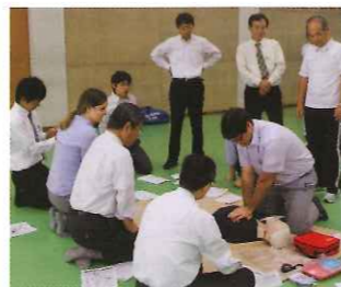
武庫川女子大学附属中学校・高等学校
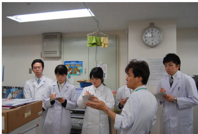
臨床試験支援センターでの説明風景
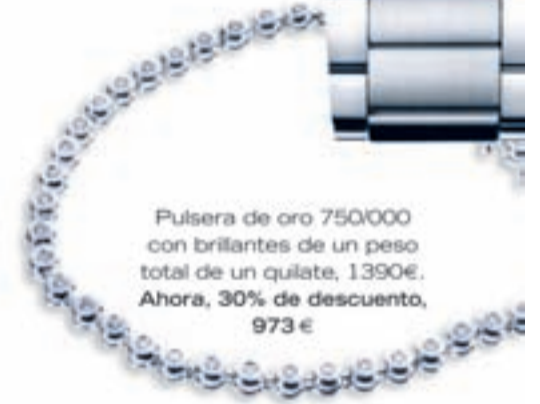
Pulsera de oro 750/000 con brillantes de un peso total de un quilate, 1390€. Ahora, 30% de descuento, 973 €

★ ★ ★ ★ ★ ★ ★

Pick up at the line containing "臨床試験支援センターでの説明風景" and copy each line exactly until the data ends, including that last line; copy no pictures.

臨床試験支援センターでの説明風景
Pulsera de oro 750/000 con brillantes de un peso total de un quilate, 1390€. Ahora, 30% de descuento, 973 €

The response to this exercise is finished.